Мы слишком далеки от того, чтобы не отдавать должного классицизму; :в поэтическом отношении по всему праву он становится выше направления романтического, и мы первые от души готовы советовать каждому со всевозможным прилежанием изучать писателей классических, но совсем не для того, чтобы по образцу их клеить что-нибудь; столько же, по-видимому, далек от этого внутренне и сам г. Надеждин. В чем же дело? В том, что вместо советов его изучать классицизм и романтизм в его смысле, как старые формы, он забыл о главном -- об изучении сущности человеческого духа, современного направления нравственного мира и той одежды идей, в которую облекаются они по потребности века, указующего возраст человечества: иначе и классицизм, и романтизм, и Noсе возможные соединения их останутся пустою игрушкою, забавою мелочных умов, не согретых ни малейшею искрою истинно поэтического пламени, постигающего внутренне то, что выше и классицизма и романтизма,-- природу или, что все равно, жизнь в бесчисленных, могущественных изменениях ее, которых классицизм и романтизм суть только утлые немногие остатки, выкинутые океаном бытия на берега исторических воспоминаний. Ubi Vita, ibi Poësis.
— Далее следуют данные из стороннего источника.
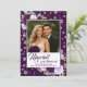 Ces beaux cartes de fin de année sont conçus pour un couple célébrant ses premiers jours de vacances en couple. Le design présente votre photo sur un arrière - plan profond couleur prune violet entouré de roses d'aquarelle peints à la main dans les tons violet et lavande, ainsi que des flocons de neige fantaisistes et festifs. La légende dit "Marié et brillant" Joyeux Jours fériés du nouveau Mr & Mrs. L'arrière a de l'espace pour une deuxième photo ainsi qu'une note et une signature personnalisées. Merveilleuse façon d'envoyer des voeux de Noël, d'Hanoukka ou de vacances non spécifiques et des photos de mariage en même temps!
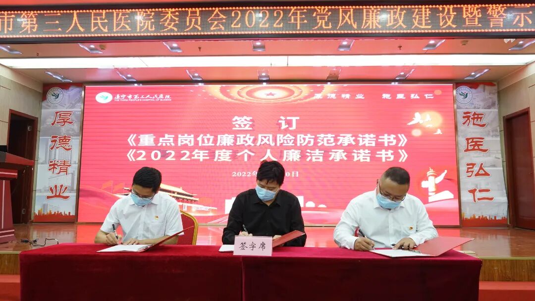 何正光与重点科室负责人代表签订《遂宁市第三人民医院重点岗位廉政风险防范承诺书》,科室负责人现场签订《个人廉洁承诺书》。
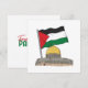 La bandera de Palestina encima de la Cúpula de la Roca en un fondo blanco y en el reverso la frase "Palestina Libre"

Далее, в последнем положении своем, сочинитель говорит, что нашему отечеству предоставлена радостная надежда соединения классического и романтического миров. Доказав, что таковое соединение есть химера или по крайней мере не сделало бы чести стране, где получило бы свое начало, мы и жалеем и не жалеем, что должны разочаровать наших читателей от патриотического предчувствия автора касательно возвышения таким образом России на степень литературной законодательницы будущих веков. Лучше не сделать ничего, чем сделать дурно.
Заключаем сии немногие замечания на рассуждение г. Надеждина желанием в скором времени прочитать другое, равного с ним достоинства. Ибо вменяем себе в обязанность еще раз повторить, что множество прекрасных мыслей выкупают вполне недостатки, на которые мы хотели обратить внимание читателей потому, что они касаются весьма важного предмета в области словесности.